Numerical Experiments and Comparisons

The paper demonstrates the solver’s capabilities through rigorous experimentation. NonlinearSolve.jl reliably solves a suite of 23 standard test problems, outperforming Sundials and MINPACK in terms of speed and robustness. Real-world applications, such as initializing DAE models for battery simulations, further validate its practical utility, outperforming traditional frameworks that fail to converge on challenging instances.

Implications and Future Directions

The robustness and scalability of NonlinearSolve.jl mark it as a valuable tool in the computational toolkit for researchers. Its design and architecture not only solve traditional difficulties in scaling nonlinear equations but also open new avenues for modeling and simulation.

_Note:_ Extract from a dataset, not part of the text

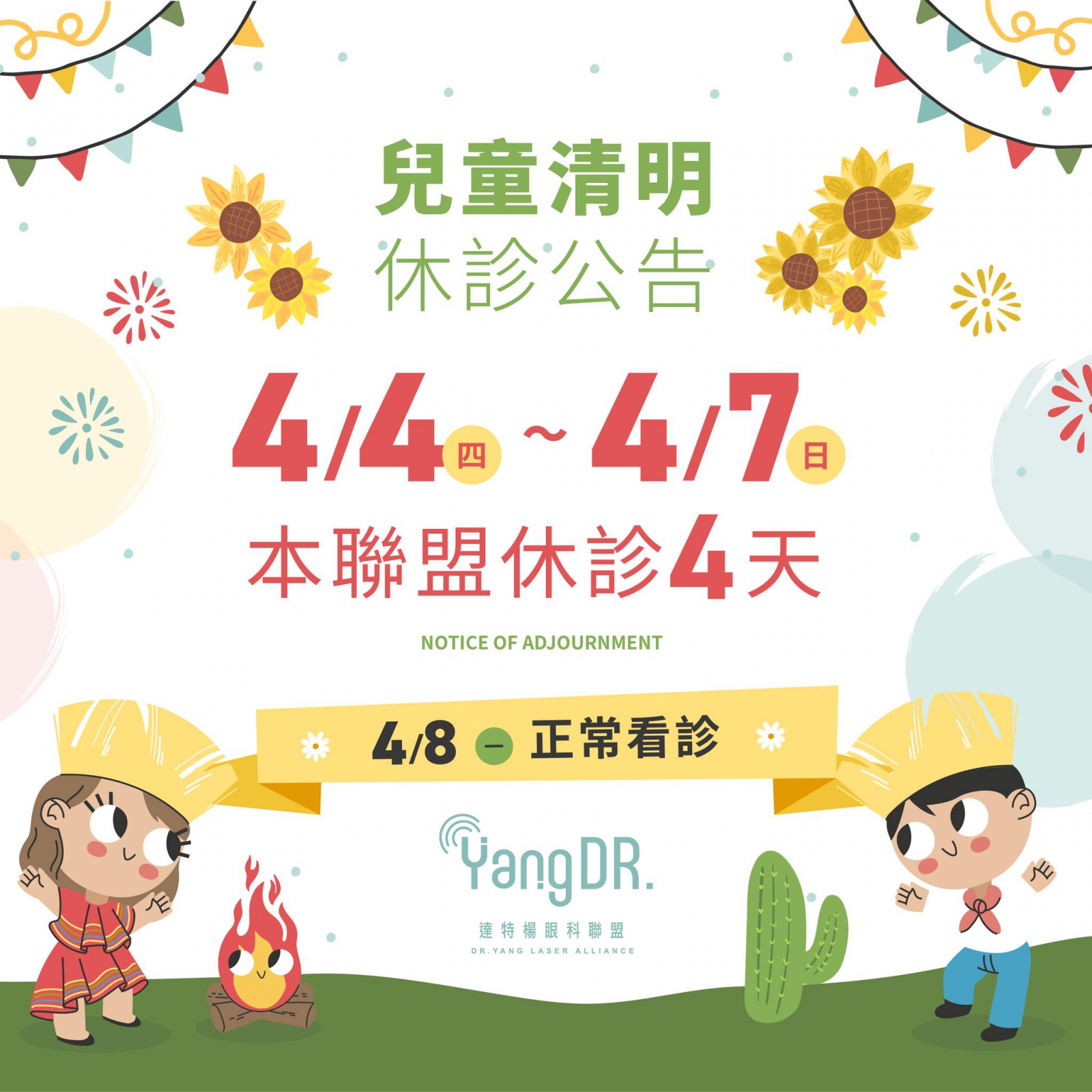 親愛的朋友們,感謝您們一直對我們診所的支持與信任。為了讓醫護人員也能享有家庭團聚的時光,我們將於兒童清明節休診四天。

The composable framework allows for the development of domain-specific extensions, making it adaptable to a range of applications from chemical network simulations to machine learning models. The paper outlines several such integrations, indicating the potential for future research and development.

Conclusion

NonlinearSolve.jl sets a high standard for solving nonlinear systems through its versatile, efficient approach. It’s a significant addition to the computational resources available for tackling complex system modeling challenges, offering a path forward for researchers needing robust solutions beyond traditional tools. While not the final word on nonlinear solvers, its innovations provide a solid groundwork for future explorations into more complex, computationally intensive problems in science and industry.